Not only was PIER 8 A&S guilty of ULP; it was also liable for illegal dismissal. PIER 8 A&S did not obtain
prior clearance from the MOLE before it dismissed the stevedores, as required by the law then in force
which read:

Section 1. Requirement for shutdown or dismissal. — No employer may shut down his
establishment or dismiss any of his employees with at least one year of service during the last
two years, whether the service is broken or continuous, without prior clearance issued therefor
in accordance with this Rule. Any provision in a collective bargaining agreement dispensing with
the clearance requirement shall be null and void.

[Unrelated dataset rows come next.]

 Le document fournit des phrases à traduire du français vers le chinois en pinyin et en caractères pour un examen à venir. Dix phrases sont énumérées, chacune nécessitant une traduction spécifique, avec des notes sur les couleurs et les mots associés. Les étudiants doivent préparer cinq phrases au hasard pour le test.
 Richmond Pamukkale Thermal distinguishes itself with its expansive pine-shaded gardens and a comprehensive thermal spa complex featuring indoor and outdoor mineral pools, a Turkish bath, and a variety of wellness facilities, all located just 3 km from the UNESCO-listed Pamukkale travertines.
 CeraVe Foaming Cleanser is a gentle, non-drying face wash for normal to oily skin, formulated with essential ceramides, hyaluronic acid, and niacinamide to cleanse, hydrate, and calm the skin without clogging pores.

Section 2. Shutdown or dismissal without clearance. — Any shutdown or dismissal without prior
clearance shall be conclusively presumed to be a termination of employment without a just
cause. The Regional Director shall, in such case, order the immediate reinstatement of the
employee and the payment of his wages from the time of the shutdown or dismissal until the
time of reinstatement.11

B.P. Blg. 130 amended the Labor Code on 4 September 1981 by abolishing the requirement of prior
clearance from the MOLE but since the dismissal of the stevedores was effected prior to the
promulgation of B.P. Blg. 130, PIER 8 A&S was then bound to comply with the old law. The Court,
interpreting Sections 1 and 2 above quoted, has consistently held that a dismissal without said clearance
shall be conclusively presumed a termination without just cause.12 The record is bare of any evidence
that could compel the Court to overturn the factual findings of the Labor Arbiter on this point.

WHEREFORE, considering the absence of an employer-employee relationship between Hijos de F.

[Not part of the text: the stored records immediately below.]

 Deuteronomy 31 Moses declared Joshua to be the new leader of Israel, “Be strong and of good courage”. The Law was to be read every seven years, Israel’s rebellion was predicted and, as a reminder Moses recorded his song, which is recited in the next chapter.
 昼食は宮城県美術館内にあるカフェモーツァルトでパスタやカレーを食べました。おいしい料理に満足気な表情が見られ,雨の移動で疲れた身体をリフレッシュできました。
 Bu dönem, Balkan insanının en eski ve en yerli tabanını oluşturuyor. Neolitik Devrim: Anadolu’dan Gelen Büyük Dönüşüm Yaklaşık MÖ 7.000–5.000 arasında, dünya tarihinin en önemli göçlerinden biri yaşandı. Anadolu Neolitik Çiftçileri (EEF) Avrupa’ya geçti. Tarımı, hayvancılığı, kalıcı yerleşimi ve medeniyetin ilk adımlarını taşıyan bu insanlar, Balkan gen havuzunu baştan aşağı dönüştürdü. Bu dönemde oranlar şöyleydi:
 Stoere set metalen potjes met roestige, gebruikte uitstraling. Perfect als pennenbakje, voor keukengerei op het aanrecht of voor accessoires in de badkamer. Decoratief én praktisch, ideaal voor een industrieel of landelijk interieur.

Escaño, Inc. and private respondents, the Decision of the Labor Arbiter dated 28 February 1980 in NLRC
Case No. RB-IV-2326-79 and the Decision of the NLRC dated 11 November 1981 are hereby MODIFIED so
that only Pier 8 Arrastre & Stevedoring Services, Inc. shall be liable for reinstatement and payment of
backwages. As so modified, both Decisions are hereby AFFIRMED. No costs.

SO ORDERED.

Fernan, C.J., Gutierrez, Jr., Bidin and Davide, Jr., JJ., concur.